List of count by class.

Return type

list

gmmd.classifier.get_SSD_count_ary(data, SSD_idx, sample_num)

Obtain SSD count list.

Parameters

data (pandas.DataFrame) – Purified classification result, generated by gmmd.classifier.purify_droplets().
SSD_idx (list) – SSD list, generated by gmmd.classifier.obtain_SSD_list().
sample_num (int) – Number of samples.

Returns

List of SSD count.

Return type

list

gmmd.classifier.obtain_MSM_list(data, sample_num, idx_list=None)

Return GEM barcodes that are MSMs.

Parameters

data (pandas.DataFrame) – Simplified classification result, generated by gmmd.classifier.store_simplified_classify_result().
sample_num (int) – Number of HTO samples.
idx_list (list, Default = None) – List of index to extract.

Return type

list

gmmd.classifier.obtain_SSD_list(data, sample_num, class_id_ary=None)

Return GEM barcodes that are SSDs.

Parameters

data (pandas.DataFrame) – Purified classification result, generated by gmmd.classifier.purify_droplets().
sample_num (int) – Number of HTO samples.
class_id_ary (list, Default = None) – To extract specific class, provide an id array.

Return type

list

Example

>>> obtain_SSD_list(data, 4, [5, 11])

Returns SSDs that contain cluster id 5 or 11.

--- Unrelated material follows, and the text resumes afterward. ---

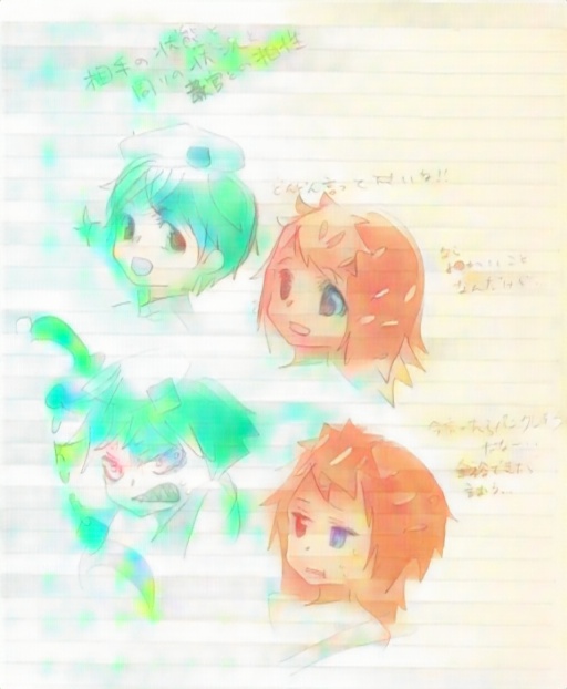※自動着色※例によって例の如く顔だけ※自分絵ブラック家族ホワイト家族思い出しながら描いたので間違ってるかもと思ったら案の定巴の前髪ェ…orzホワイト家族の方はカップやきそば現象のターゲットにしたはいいけどのーこちゃんとか菊音ちゃんとか髪型似てるだけな気する…キャラ的にはのーこちゃん→ちまき 菊音ちゃん→まつりちゃん、とテンション合いそう。もし顔を合わせることがあったらどんなリアクションを取るのか考えると楽しい。

e.g. HTO samples are HTO_1, HTO_2, HTO_3, HTO_4, then cluster id 5 will be HTO_1+HTO_2, and 11 will be HTO_1+HTO_2+HTO_3.

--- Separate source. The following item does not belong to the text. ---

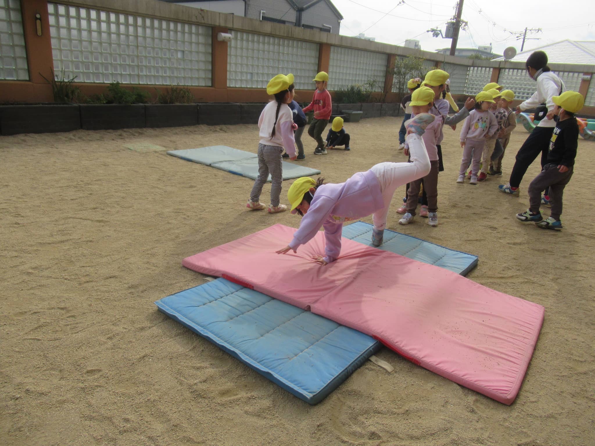 上の写真の子どもは、ぱんだ組の時に勇気を振り絞って前回りに

gmmd.classifier.obtain_arrays(data, path=None)

Obtain post probabilities of the high and low Gaussian distribution.

Parameters: data (pandas.DataFrame) – CLR-transformed HTO matrix.
Returns: Post probabilities of higher mean, post probabilities of lower mean.
Return type: list, list

gmmd.classifier.purify_droplets(data, confidence_threshold)

Remove empty droplets or with confidence under the threshold.

Parameters

data (pandas.DataFrame) – Classification result, generated by gmmd.classifier.classify_drops().
confidence_threshold (float) – Confidence threshold.

Returns

Purified classification result.

Return type

pandas.DataFrame

gmmd.classifier.read_full_classify_result(path)

Read classification result from path.

Parameters: path (String) – Path to GMM_full.csv and GMM_full.config.
Returns: Classification result, number of samples, class names, sample names.
Return type: pandas.DataFrame, list, list, list

gmmd.classifier.store_full_classify_result(data, class_name_array, confidence_threshold, path)

Store the full classification result in {path}/GMM_full.csv. The result will contain all cluster ids, and the corresponding names can be found in {path}/GMM_full.config.

Parameters

data (pandas.DataFrame) – Classification result, generated by gmmd.classifier.classify_drops().
class_name_array (list) – All class names, generated by gmmd.classifier.classify_drops().
path (String) – File path to store the result.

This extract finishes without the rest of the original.